_Records for this task_:

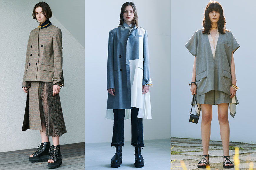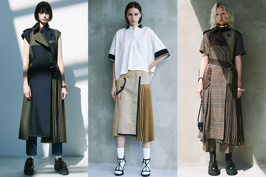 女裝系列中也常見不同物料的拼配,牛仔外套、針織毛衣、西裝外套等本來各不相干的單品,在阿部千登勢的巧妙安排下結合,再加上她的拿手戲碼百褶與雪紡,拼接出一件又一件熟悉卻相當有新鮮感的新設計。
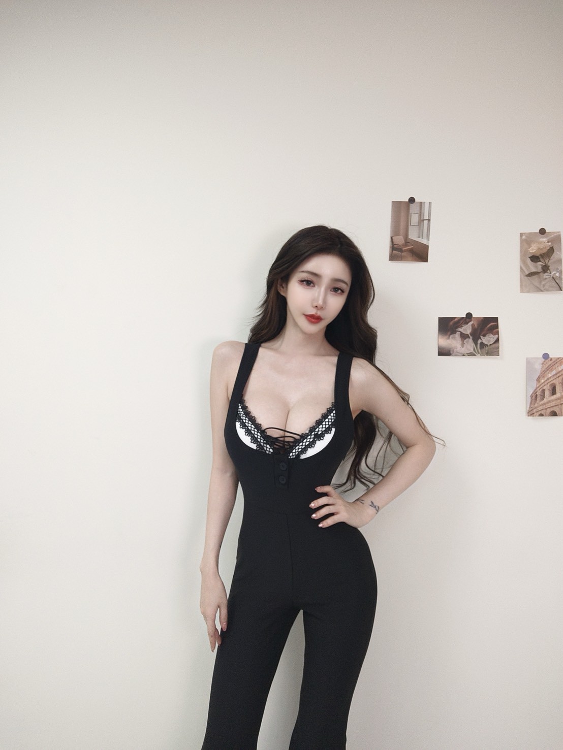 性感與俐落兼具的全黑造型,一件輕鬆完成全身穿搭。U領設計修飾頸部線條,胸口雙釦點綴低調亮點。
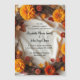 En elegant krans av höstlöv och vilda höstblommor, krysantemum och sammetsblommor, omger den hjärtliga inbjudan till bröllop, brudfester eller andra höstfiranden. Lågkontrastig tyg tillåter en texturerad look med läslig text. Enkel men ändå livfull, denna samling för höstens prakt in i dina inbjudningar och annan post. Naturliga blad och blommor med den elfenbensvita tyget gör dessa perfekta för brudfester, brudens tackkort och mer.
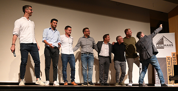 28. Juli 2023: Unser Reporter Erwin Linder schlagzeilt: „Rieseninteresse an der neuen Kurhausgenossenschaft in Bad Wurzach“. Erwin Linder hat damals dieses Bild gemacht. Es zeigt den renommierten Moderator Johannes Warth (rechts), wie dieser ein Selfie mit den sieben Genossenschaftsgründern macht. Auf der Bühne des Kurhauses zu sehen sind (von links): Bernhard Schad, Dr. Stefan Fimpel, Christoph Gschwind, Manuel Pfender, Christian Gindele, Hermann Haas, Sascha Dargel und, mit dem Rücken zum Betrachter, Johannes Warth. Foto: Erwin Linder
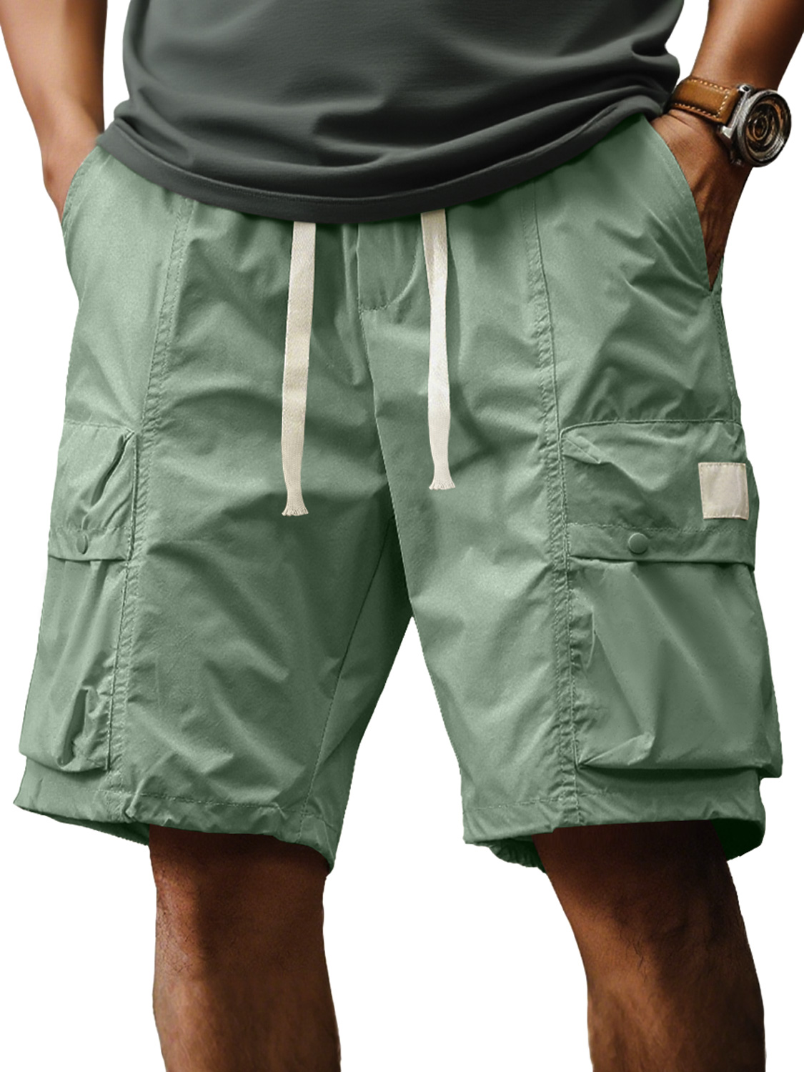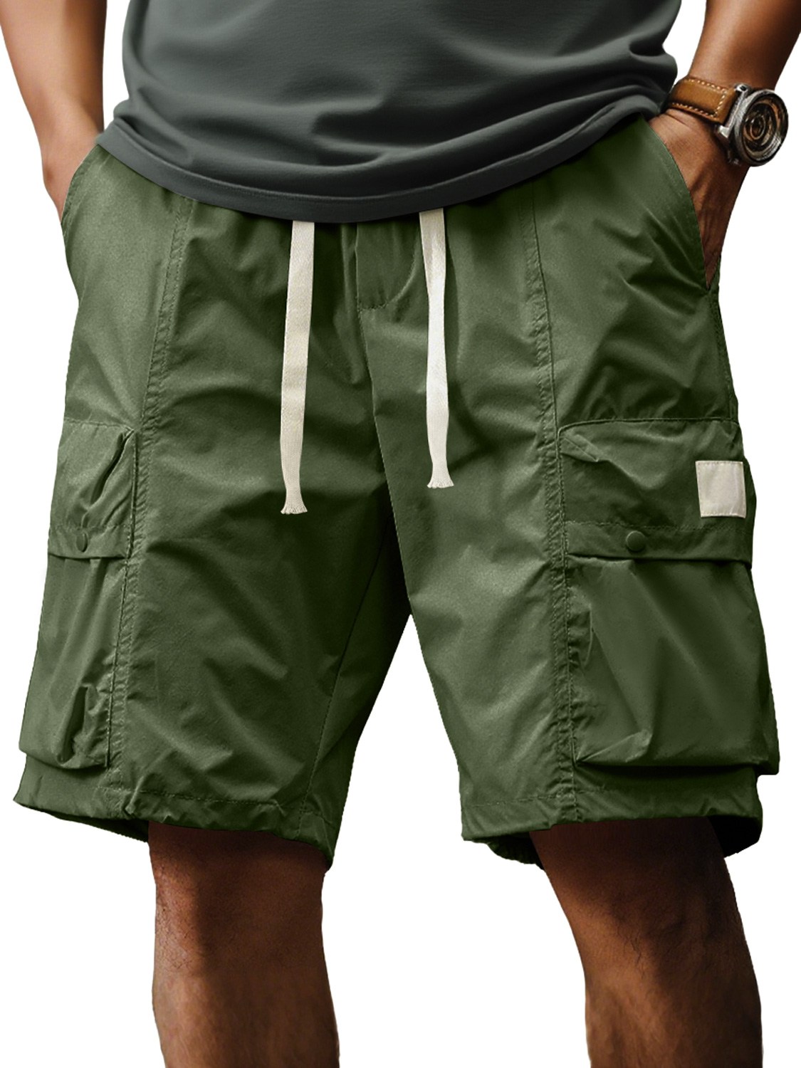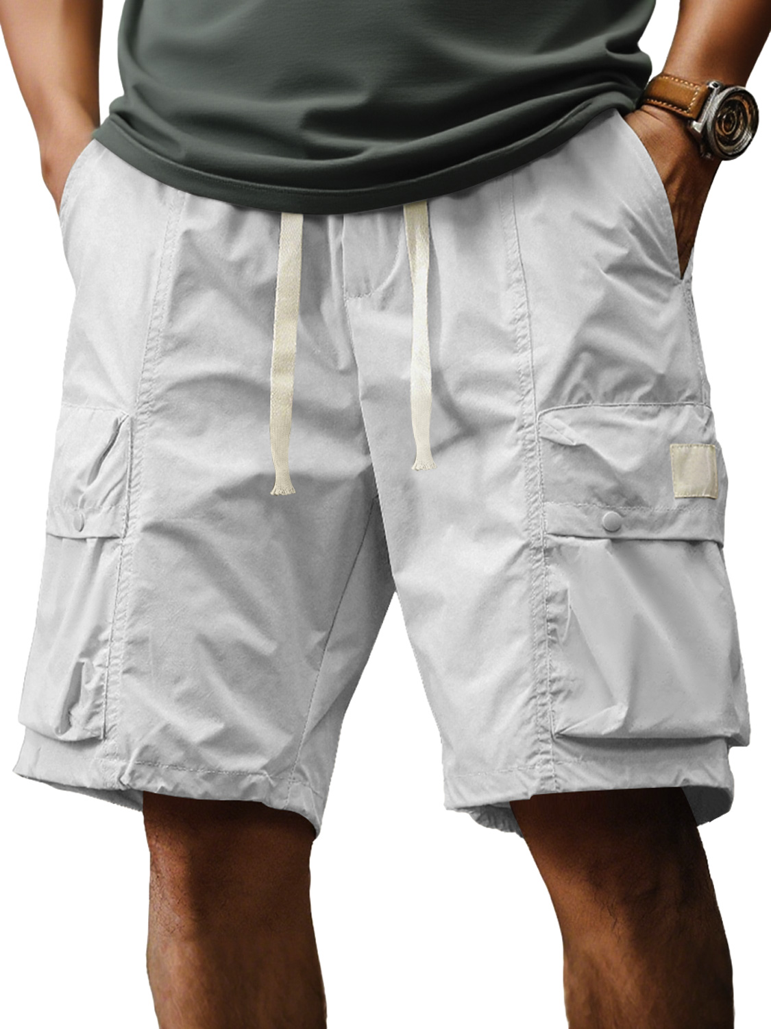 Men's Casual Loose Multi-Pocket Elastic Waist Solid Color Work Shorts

_Try it_: Within the listing above, write out the stretch from the line with "性感與俐落兼具的全黑造型,一" through the line with "28. Juli 2023: Unser" exactly. Any pictures are to be left out.

_Answer box_:
 性感與俐落兼具的全黑造型,一件輕鬆完成全身穿搭。U領設計修飾頸部線條,胸口雙釦點綴低調亮點。
 En elegant krans av höstlöv och vilda höstblommor, krysantemum och sammetsblommor, omger den hjärtliga inbjudan till bröllop, brudfester eller andra höstfiranden. Lågkontrastig tyg tillåter en texturerad look med läslig text. Enkel men ändå livfull, denna samling för höstens prakt in i dina inbjudningar och annan post. Naturliga blad och blommor med den elfenbensvita tyget gör dessa perfekta för brudfester, brudens tackkort och mer.
 28. Juli 2023: Unser Reporter Erwin Linder schlagzeilt: „Rieseninteresse an der neuen Kurhausgenossenschaft in Bad Wurzach“. Erwin Linder hat damals dieses Bild gemacht. Es zeigt den renommierten Moderator Johannes Warth (rechts), wie dieser ein Selfie mit den sieben Genossenschaftsgründern macht. Auf der Bühne des Kurhauses zu sehen sind (von links): Bernhard Schad, Dr. Stefan Fimpel, Christoph Gschwind, Manuel Pfender, Christian Gindele, Hermann Haas, Sascha Dargel und, mit dem Rücken zum Betrachter, Johannes Warth. Foto: Erwin Linder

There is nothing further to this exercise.